Further, the mapping module 603 is further configured to map the sample generation mouth region to a preset mouth region template map according to the point location of the sample generation mouth region, and generate a sample generation mouth region image.
Further, the generating module 605 is further configured to fuse the sample original mouth region image and the sample generated mouth region image, and generate a sample mouth region effect map.
Further, the generating module 605 is further configured to construct a tooth whitening data pair according to the sample original mouth region image and the sample mouth region effect map.
Further, the processing module 604 is further configured to perform model training by using the tooth whitening data pair to obtain a preset tooth whitening model.
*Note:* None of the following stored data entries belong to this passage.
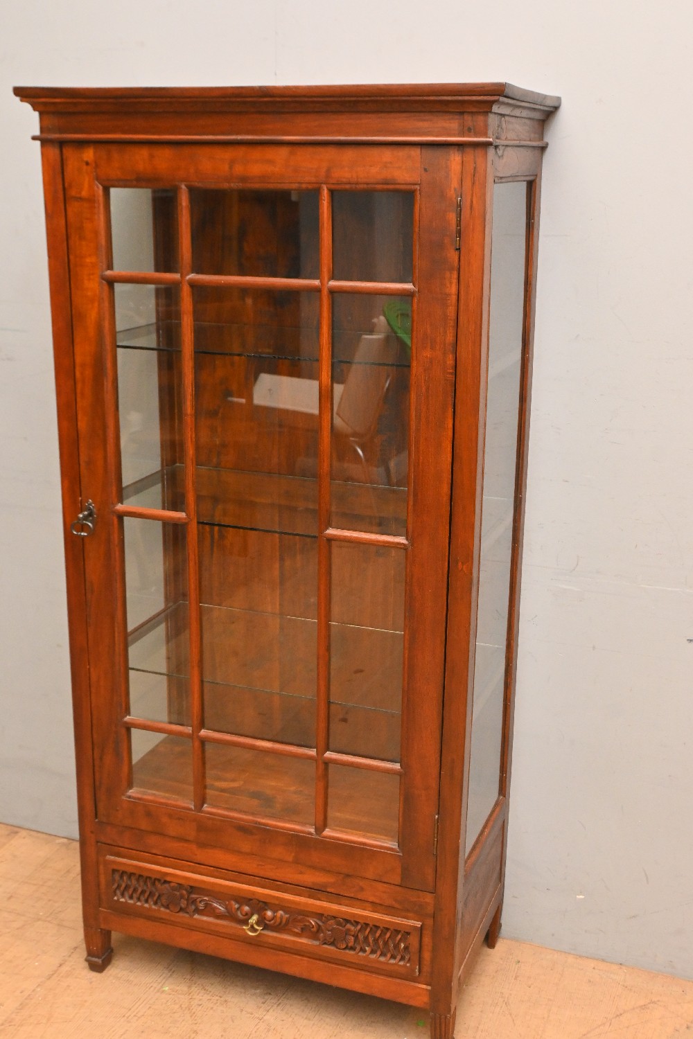 A MAHOGANY AND GLAZED DISPLAY CABINET (150H X 72W X 40D CM) (PLEASE NOTE THIS HEAVY ITEM MUST BE REMOVED BY CARRIERS AT THE CUSTOMER'S EXPENSE. LEONARD JOEL STAFF CANNOT ASSIST CARRYING THIS ITEM) (LARGE ITEM)
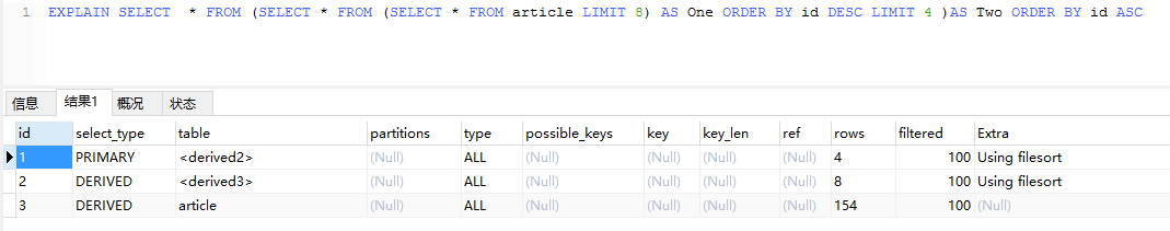 EXPLAIN SELECT  * FROM (SELECT * FROM (SELECT * FROM article LIMIT 8) AS One ORDER BY id DESC LIMIT 4 )AS Two ORDER BY id ASC
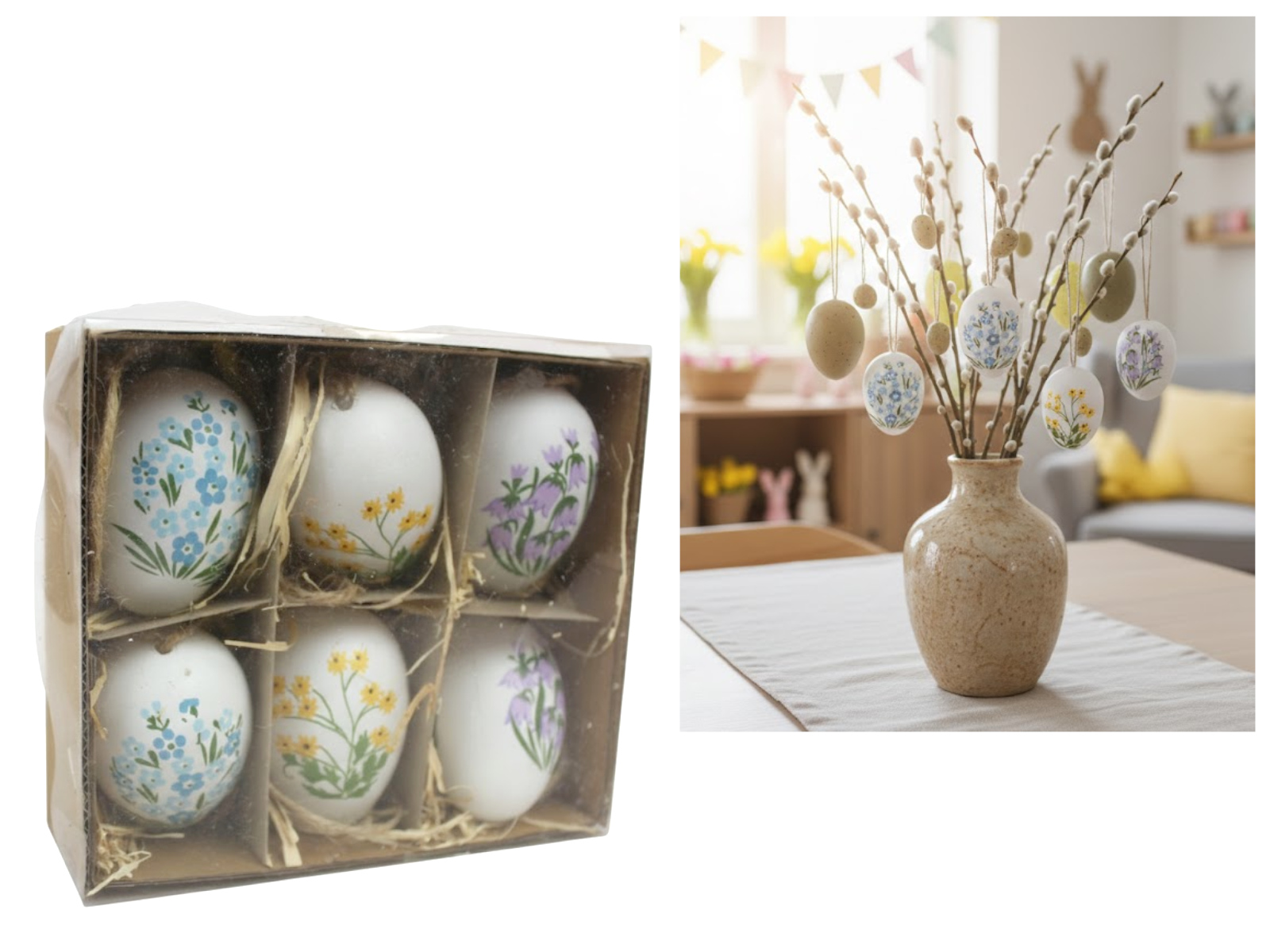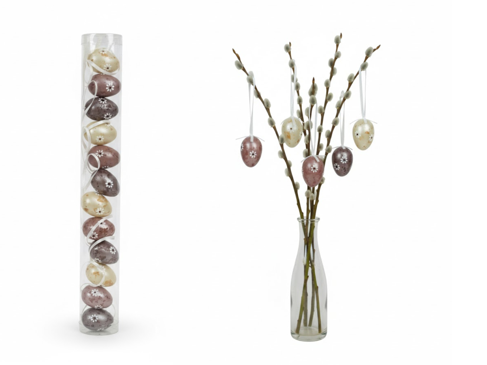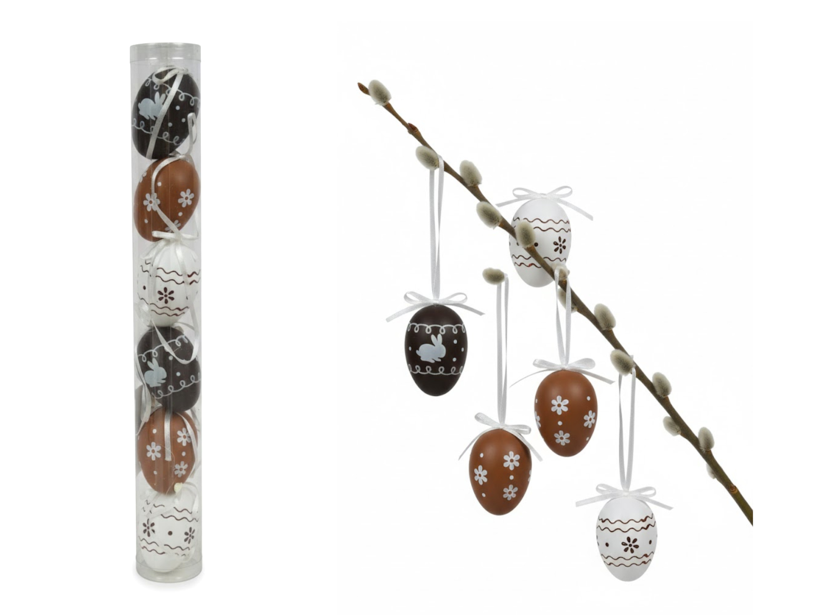 Dekoracja zawieszka wielkanocna JAJKO 6 cm  w tubie białe, beżowe, brązowe KWIATKI ZAJĄCZKI kpl. 6 szt
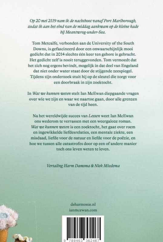 ALGEMEEN, Roman, Top 60Op 20 mei 2119 nam ik de nachtboot vanaf Port Marlborough, zodat ik aan het eind van de middag aankwam op de kleine kade bij Meantwrog-under-Sea. Tom Metcalfe, verbonden aan de University of the South Downs, is gefascineerd door een onwaarschijnlijk mooi gedicht dat in 2014 slechts één keer ten gehore is gebracht. Het gedicht zelf is nooit teruggevonden. Tom vermoedt dat het zich nog ergens bevindt, mogelijk in dat deel van Engeland dat niet onder water staat door de stijgende zeespiegel. Tijdens zijn onderzoek stuit hij op de sleutel die zorgt voor een doorbraak in zijn zoektocht. In Wat we kunnen weten stelt Ian McEwan diepgaande vragen over wie we zijn en waar we naartoe gaan, door alle grenzen van de tijd heen. Na het wereldwijde succes van Lessen weet Ian McEwan ons wederom te verrassen met een weergaloze roman. Wat we kunnen weten is een zoektocht, het gaat over roem en ingewikkelde liefdesrelaties, een mentale ziekte, een misdaad, liefde voor de natuur en liefde voor de poëzie, en hoe we tussen alle catastrofes door op een of andere manier toch ons leven weten te leven.
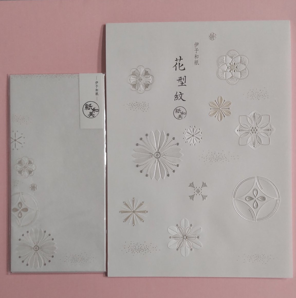 - レターセット 便箋 封筒 伊予和紙 花型紋 和柄 和風 エンボス加工 EEP-733-148 EEE-733-186 ホールマーク 新品未使用品

Further, the mapping module 603 is specifically further configured to construct a first sample affine transformation matrix from a point location of a sample original mouth region to a point location of a template mouth region of a template map of a preset mouth region; according to the point positions of the sample original mouth region, mapping the sample original mouth region into a template diagram of a preset mouth region by adopting a first sample affine transformation matrix, and generating a sample original mouth region image; constructing a second sample affine transformation matrix from the point position of the sample generation mouth region to the point position of the template mouth region; and according to the point positions of the sample generation mouth region, mapping the sample generation mouth region into a preset mouth region template diagram by adopting a second sample affine transformation matrix, and generating a sample generation mouth region image.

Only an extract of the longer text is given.